It appears it can be common, at least initially, for travel policies in small to medium companies to not really exist. When starting in new roles several travel managers have found that travel often sits under the expense policy. And at the expense stage we know that the 'damage' has already been made.
Speaking at the UK's ITM conference, Olive Kavanagh, global travel manager of Kerry Group and another buyer both found that the policies they adopted when joining new companies were expense-heavy. By separating travel into its own policy both have been able to become more focused and strategic on what needs to be implemented and what priority those take.
The two travel managers agreed that travel policies are the baseline for a programme from which areas like risk management, ancillaries and the sharing economy can be applied to. It allows them to be more proactive.
Policies are also an area of contention in staff retention or employment. Kavanagh said Kerry Group is considering allowing business class because competitors offer it and travellers are raising it with HR. When going through an acquisition and merger Carla Zapf, travel and mobility project manager at Infineon Technologies found that a change in policy for new staff members caused friction and she granted business class to retain staff.
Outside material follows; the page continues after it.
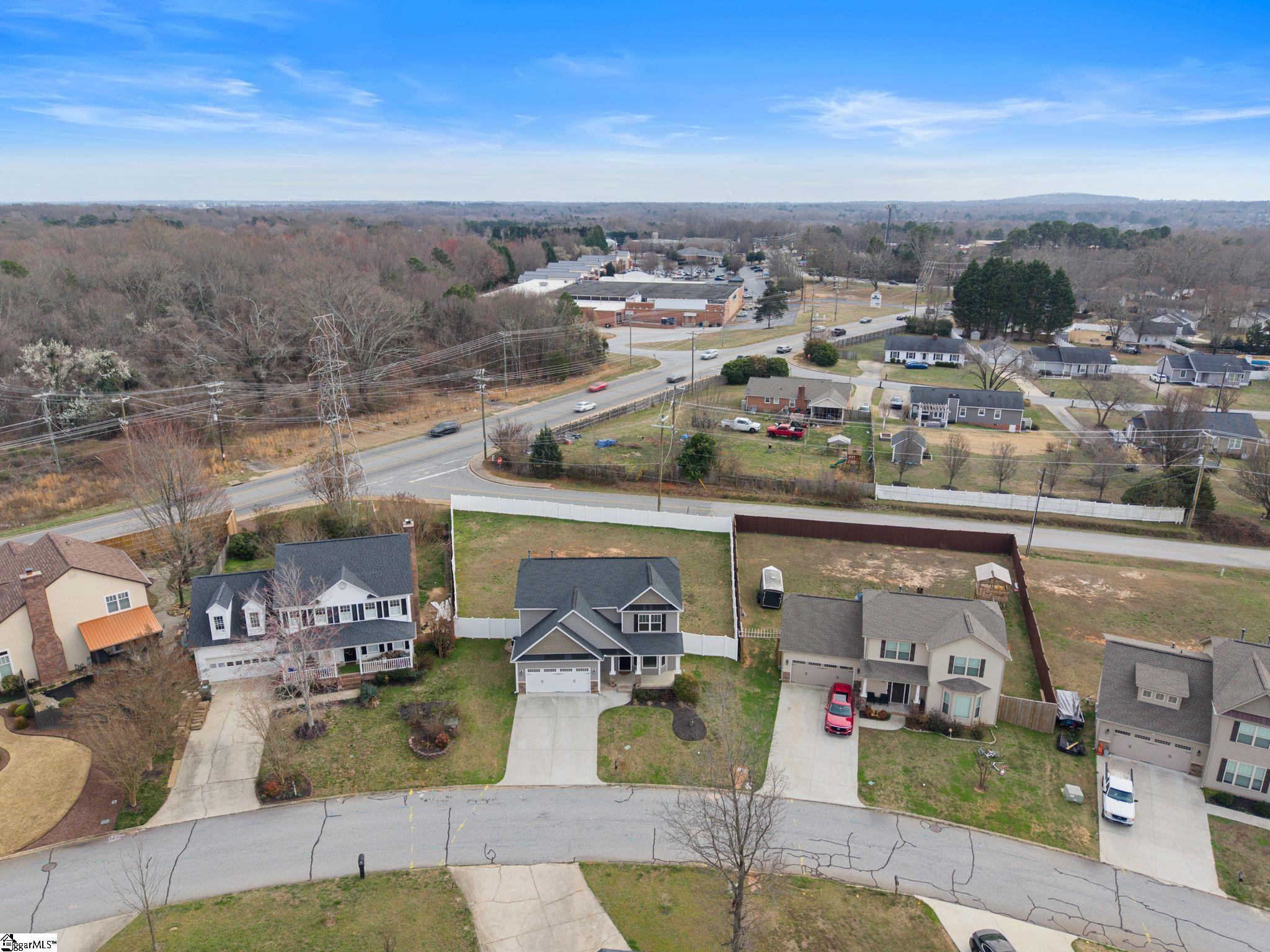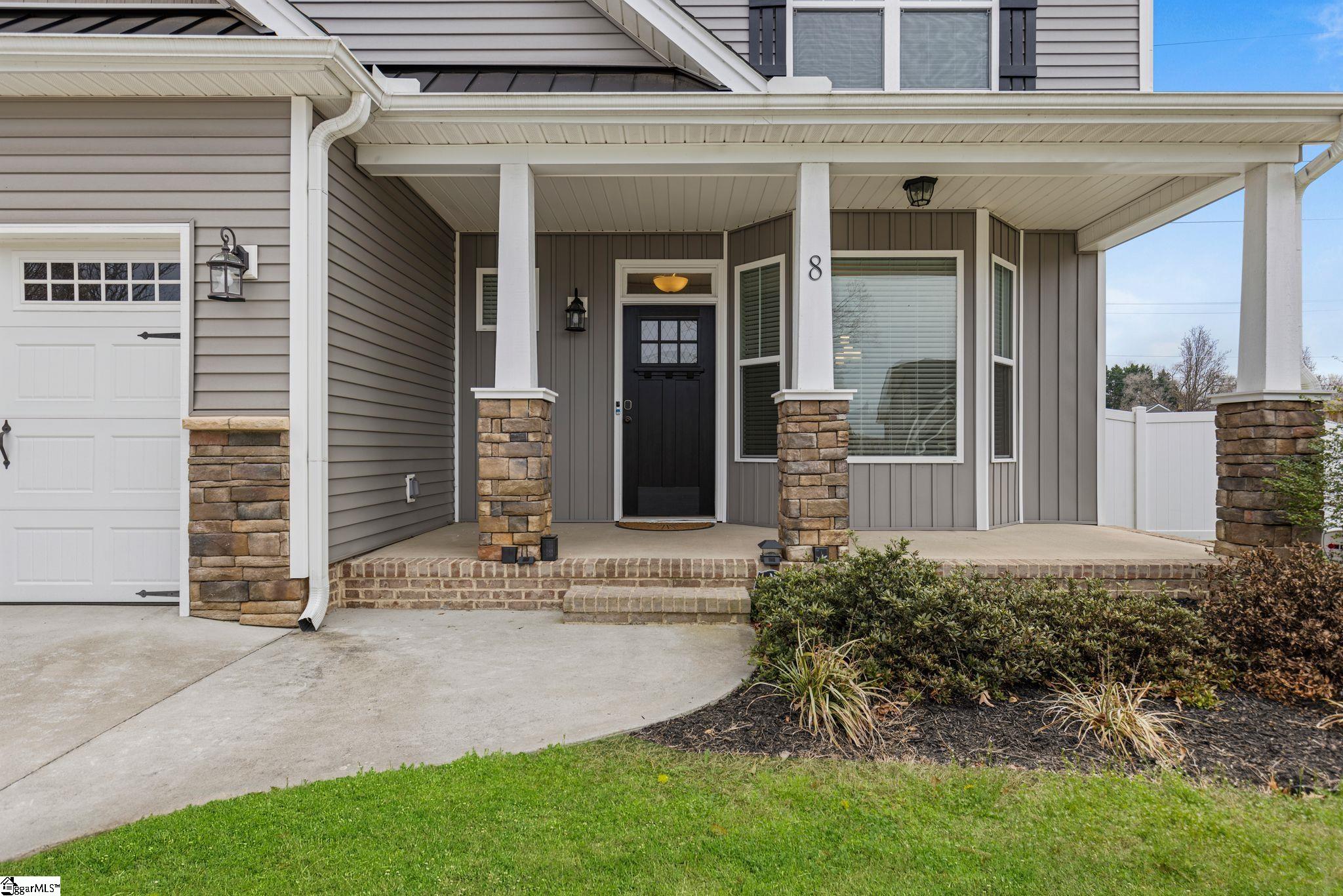 Welcome to this beautifully maintained 4 bedroom, 2.5 bathroom home offering over 2,000 square feet of thoughtfully designed living space — built in 2022 and featuring the rare advantage of NO HOA. From the moment you arrive, you’ll appreciate the partial stone columns, covered front porch, and inviting craftsman-style front door that create warm, timeless curb appeal. Inside, durable LVP flooring flows throughout the entire main level, complemented by elegant rounded corners and a bright bay window that enhances the dining space with natural light. The kitchen is both stylish and functional, featuring granite countertops, neutral cabinetry, and recessed lighting — all open to the spacious great room anchored by an impressive stone hearth gas log fireplace and ceiling fan. Upstairs, all bedrooms are generously sized with comfortable carpeting and ample closet space. The private primary suite offers a relaxing retreat with dual sinks, a stand-up shower, and a deep garden tub. Step outside to enjoy the pergola-covered back porch (which conveys), a large vinyl-fenced backyard perfect for entertaining, and full yard in-ground irrigation for easy maintenance. A gas water heater adds efficiency and convenience. Ideally located just minutes from Eastside YMCA, Harris Teeter, Eastside High School, and the Pavilion Recreation Complex, this home offers comfort, convenience, and modern living in an exceptional location. Move-in ready and waiting for you to call it home.

By the way, when I wrote about whether robots would be taking over jobs it is these feeling or cultural nuances that technology would not be able to know and tweak without the travel manager's knowledge.
The day I got back from the ITM conference I spoke to Jeremy Bromwell of business travel start-up TripActions who had a different view of policies.
"In a world of traveller preference and the 'economy of choice' the travel policy is no longer adequate. Travel buyers are expected to deliver savings and service the best experience, support and administration against the speed of new acquisitions, growth markets and getting new customers onboard".
When there is so much choice it's easy for travellers to look elsewhere especially if the company policy won't let some content be shown or red flags a particular booking. Perhaps by combining travel policy rules and these new supplier types buyers can find the right balance and improve compliance.